Près d'une année après cette correspondance de Molendo Sakombi au Conservateur des titres immobiliers de Kasavubu, ce dernier ne s'est pas exécuté, excitant ainsi l'ire du Président de la République qui, par le biais du Dircaba Wameso, a pris soin d'interpeller le ministre des Affaires foncières.

Wameso, via sa lettre du 25 septembre 2021, qui faisait suite à celle du Représentant légal de la CSEA destinée au Chef de l'Etat, a, au nom de "la Haute hiérarchie", demandé à Molendo de "faire pleine exécution de sa lettre du 6 novembre, qui souffre d'inexécution jusqu'à ce jour, car cela frise l'insubordination de la part du Conservateur des titres immobiliers de Kasavubu qui est tenu à corriger l'erreur de son administration qu'il a, par ailleurs, reconnue dans sa lettre du 26 février 2021".

 

Complicité

Il ressort du rôle joué par André Wameso Nkualoloki, et des bruits des couloirs du Palais de la nation, que le Dircaba a été chargé par le Président de la République de suivre l'évolution du différend qui, à cette époque, opposait l'ECC à la succession Nzimbi. Étonnant que le pasteur Pierre Muloki ait ignoré la personne de Wameso pour s'adresser à Lubanga quand il a résolu de poser un acte aussi significatif que celui d'annuler la cession de la concession de l'ECC aux Nzimbi. Ça semble mal cacher une complicité.

Lettre du Dircaba ECOFIN du chef de l'État, André Wameso Lettre du Dircaba ECOFIN du chef de l'État, André Wameso (Suite)

Le Conservateur de Kasavubu limogé

Les Nzimbi, refusant de lâcher le morceau malgré l'annulation de Muloki, ont fait entrer Modeste Bahati Lukwebo dans le deal. Confiant à sa puissance et influence politiques et à ses accointances avec le Chef de l'Etat, Bahati, gonflé à bloc, a fait le bad boy quitte à s'offrir la concession querellée.

A défaut d'exercer son influence sur le ministre des Affaires foncières, issu des rangs de l'UNC, parti de Vital Kamerhe avec qui Bahati se dispute leadership dans le Sud-Kivu, le Speaker du Sénat a concentré toute son attention sur le Conservateur de Kasavubu.

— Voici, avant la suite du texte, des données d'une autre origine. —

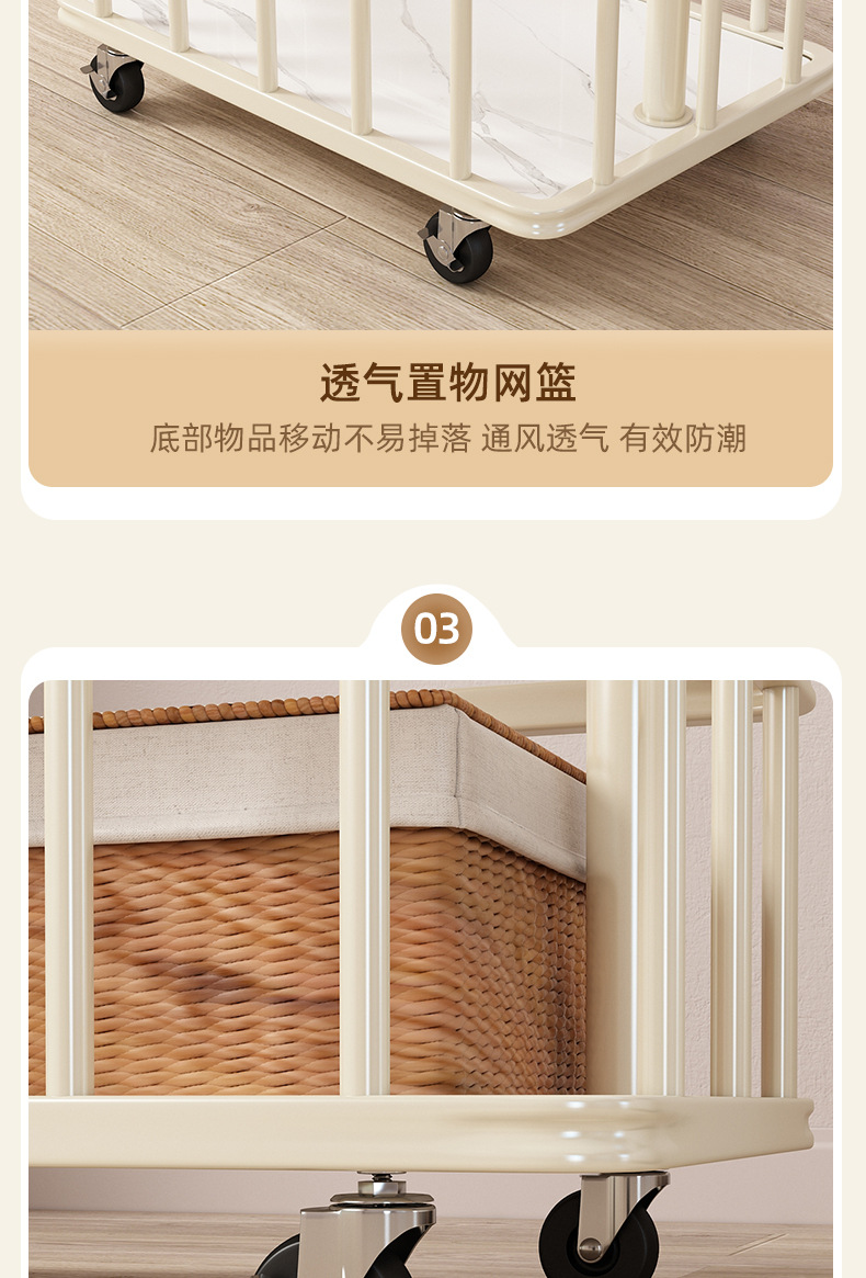 小型の床置きハンガーの家庭用取っ手付きの洗濯かごは寝室のベランダに移動して洗濯物を干します。

Sur lui, il a exercé une telle pression qui a fini par payer. Depuis le 3 juin dernier, le leader de l'AFDC est en possession d'un certificat d'enregistrement illégalement établi. Aussitôt alerté, Molendo Sakombi, selon des fins limiers dans son cabinet, a fait révoquer le Conservateur de Kasavubu.

 

Pendant ce temps, l'ECC a prévu d'attaquer Bahati en justice pour spoliation de son bien. Jusqu'au moment où nous couchons ces quelques lignes, l'ECC est en phase de réunir tous les documents nécessaires pour faire enrôler le dossier d'annulation du certificat d'enregistrement établi en faveur de Modeste Bahati. Affaire à suivre.